**** Source data ****

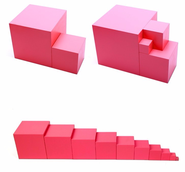 Torre Rosa Montessoriana composta por 10 cubos que diferem entre si 1cm. Inclui cubo de 1x1x1cm extra.
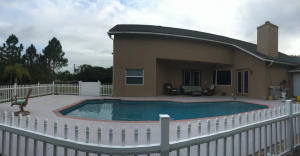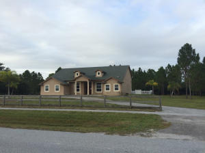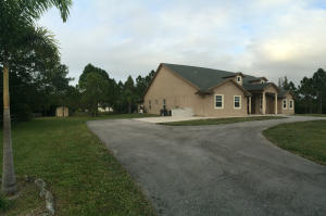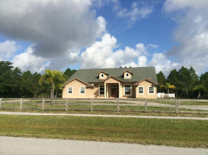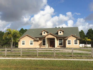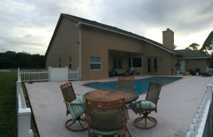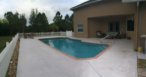 Beautifully renovated and updated pool home located on a paved road in the acreage. This attractive 4 bedroom + den, 3 bathroom CBS home offers a spacious split floor plan with ceramic tile throughout, recreation/game room, upgraded kitchen with granite and stainless steel appliances, wood burning fireplace and pool area that's great for entertaining. This home has too many features to mention, including: crown molding, child safety electric outlets, tank-less water heater, new air conditioning system, upgraded water softener system, alarm system and hurricane impact windows. The property is completely fenced and has a circular driveway with plenty of room to park your RV or boat. This property is not located in a high-risk flood zone and flood insurance is not required. This is must see!
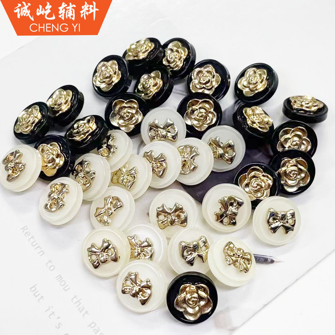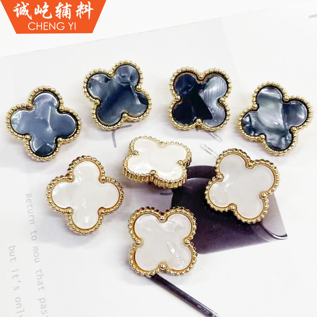 四葉草形ボタン小香風セーターニットカーディガンの前立てボタン金属樹脂組み合わせ手縫いボタン
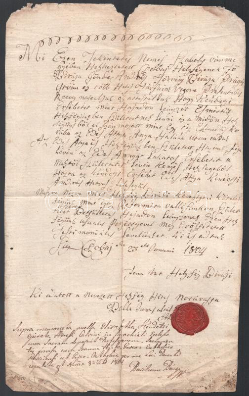 1804. június 23. Csobaj, A helység főbírája, Gönde András magyar nyelvű elismervénye a hajadon Kendegi Erzsébet részére, hogy Csobajon született. Az iratot hitelesítette a főbíró és a jegyző Csobaj tulipános pecsétjével.
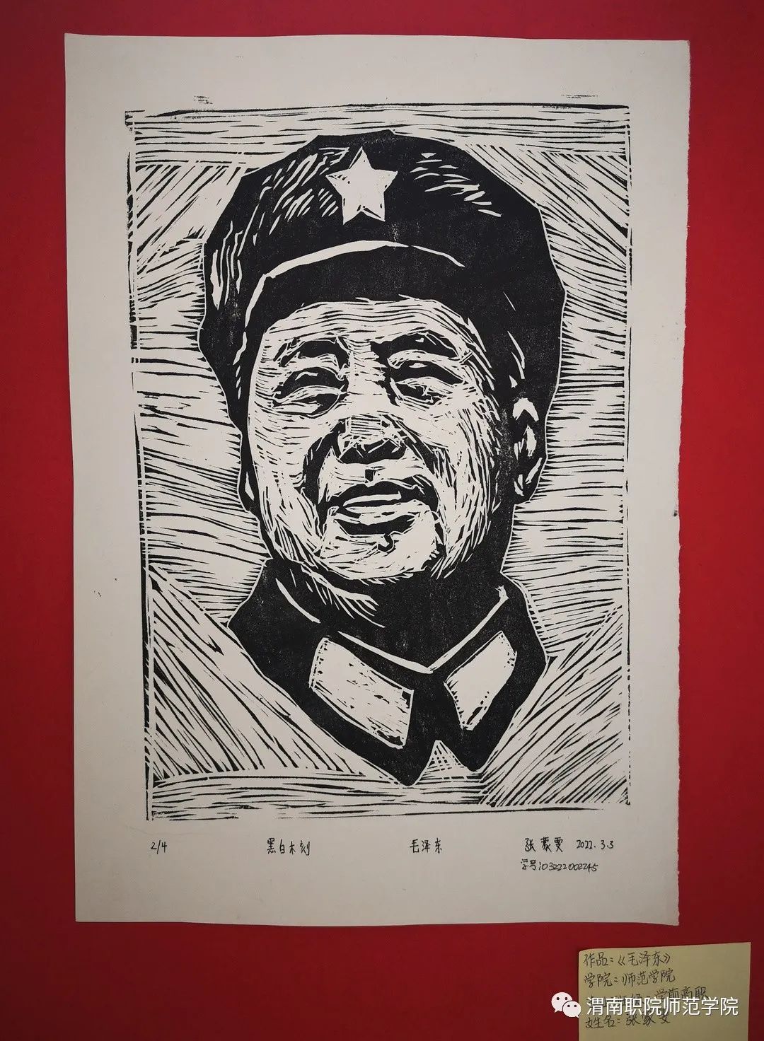 为进一步推动党史学习教育常态化,深入开展党史学习教育,传承红色基因,继承和发扬红色传统,坚定理想信念,培养学生的专业素养,提高美术专业技能,激发大学生对绘画艺术的热情。近日,beat365中文官网于师范楼大厅组织开展“弘扬红色精神,凝聚奋进力量”木刻版画作品展。
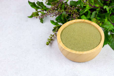 Holy basil powder on wooden bowl with branch on white background. Holy basil leaf are useful herbs and food ingredient has a spicy flavor.
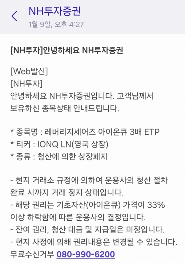 어제 정말 새로운 경험을 했습니다. 갑자기 제가 보유 중인 종목이 상장폐지가 될 것이라는 소식을 들었어요. 처음에는 설마 아니겠지 했습니다. 아래 문자를 받기 전까지는요.
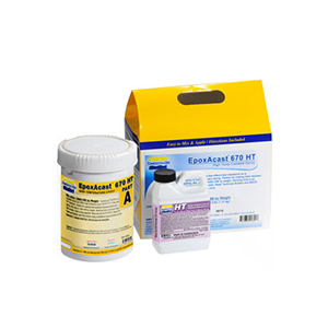 EpoxAcast® 670 HT (früher 20-136) ist eine Epoxid-Vergussmasse, die eine hohe Hitzebeständigkeit von bis zu 177 ° C bietet, wenn ein Nachhärtungsplan verwendet wird. EpoxAcast® 670 HT zeichnet sich durch eine relativ niedrige Viskosität aus, die einen minimalen Blaseneinschluss gewährleistet. EpoxAcast® 670 HT bietet darüber hinaus eine extra lange Arbeitszeit von 3 Stunden.
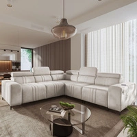 Rohová sedací souprava s funkcí spaní Castel III béžová pravá rohová sedací souprava se dvěma lůžkovinami nastavitelné opěrky hlavy
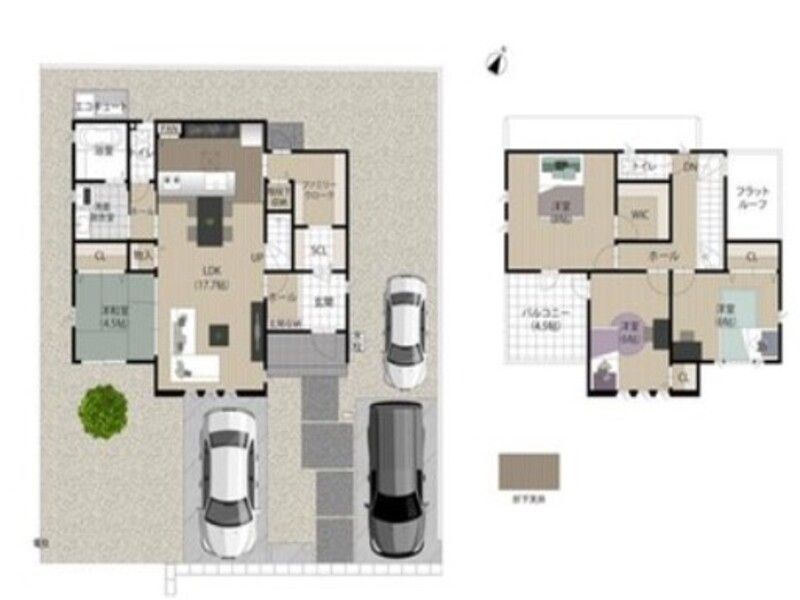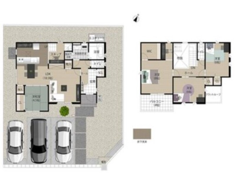 全棟南東向きなので、日当たり良好♪それぞれ個性ある外観デザイン&プランのタマタウン水巻町猪熊全7棟が誕生します!敷地面積60坪以上に駐車スペースを2~3台分確保しました。

****

- Exercise objective -
Output the entries above exactly, without their pictures.

- Solution to the exercise -
 Torre Rosa Montessoriana composta por 10 cubos que diferem entre si 1cm. Inclui cubo de 1x1x1cm extra.
 Beautifully renovated and updated pool home located on a paved road in the acreage. This attractive 4 bedroom + den, 3 bathroom CBS home offers a spacious split floor plan with ceramic tile throughout, recreation/game room, upgraded kitchen with granite and stainless steel appliances, wood burning fireplace and pool area that's great for entertaining. This home has too many features to mention, including: crown molding, child safety electric outlets, tank-less water heater, new air conditioning system, upgraded water softener system, alarm system and hurricane impact windows. The property is completely fenced and has a circular driveway with plenty of room to park your RV or boat. This property is not located in a high-risk flood zone and flood insurance is not required. This is must see!
 四葉草形ボタン小香風セーターニットカーディガンの前立てボタン金属樹脂組み合わせ手縫いボタン
 1804. június 23. Csobaj, A helység főbírája, Gönde András magyar nyelvű elismervénye a hajadon Kendegi Erzsébet részére, hogy Csobajon született. Az iratot hitelesítette a főbíró és a jegyző Csobaj tulipános pecsétjével.
 为进一步推动党史学习教育常态化,深入开展党史学习教育,传承红色基因,继承和发扬红色传统,坚定理想信念,培养学生的专业素养,提高美术专业技能,激发大学生对绘画艺术的热情。近日,beat365中文官网于师范楼大厅组织开展“弘扬红色精神,凝聚奋进力量”木刻版画作品展。
 Holy basil powder on wooden bowl with branch on white background. Holy basil leaf are useful herbs and food ingredient has a spicy flavor.
 어제 정말 새로운 경험을 했습니다. 갑자기 제가 보유 중인 종목이 상장폐지가 될 것이라는 소식을 들었어요. 처음에는 설마 아니겠지 했습니다. 아래 문자를 받기 전까지는요.
 EpoxAcast® 670 HT (früher 20-136) ist eine Epoxid-Vergussmasse, die eine hohe Hitzebeständigkeit von bis zu 177 ° C bietet, wenn ein Nachhärtungsplan verwendet wird. EpoxAcast® 670 HT zeichnet sich durch eine relativ niedrige Viskosität aus, die einen minimalen Blaseneinschluss gewährleistet. EpoxAcast® 670 HT bietet darüber hinaus eine extra lange Arbeitszeit von 3 Stunden.
 Rohová sedací souprava s funkcí spaní Castel III béžová pravá rohová sedací souprava se dvěma lůžkovinami nastavitelné opěrky hlavy
 全棟南東向きなので、日当たり良好♪それぞれ個性ある外観デザイン&プランのタマタウン水巻町猪熊全7棟が誕生します!敷地面積60坪以上に駐車スペースを2~3台分確保しました。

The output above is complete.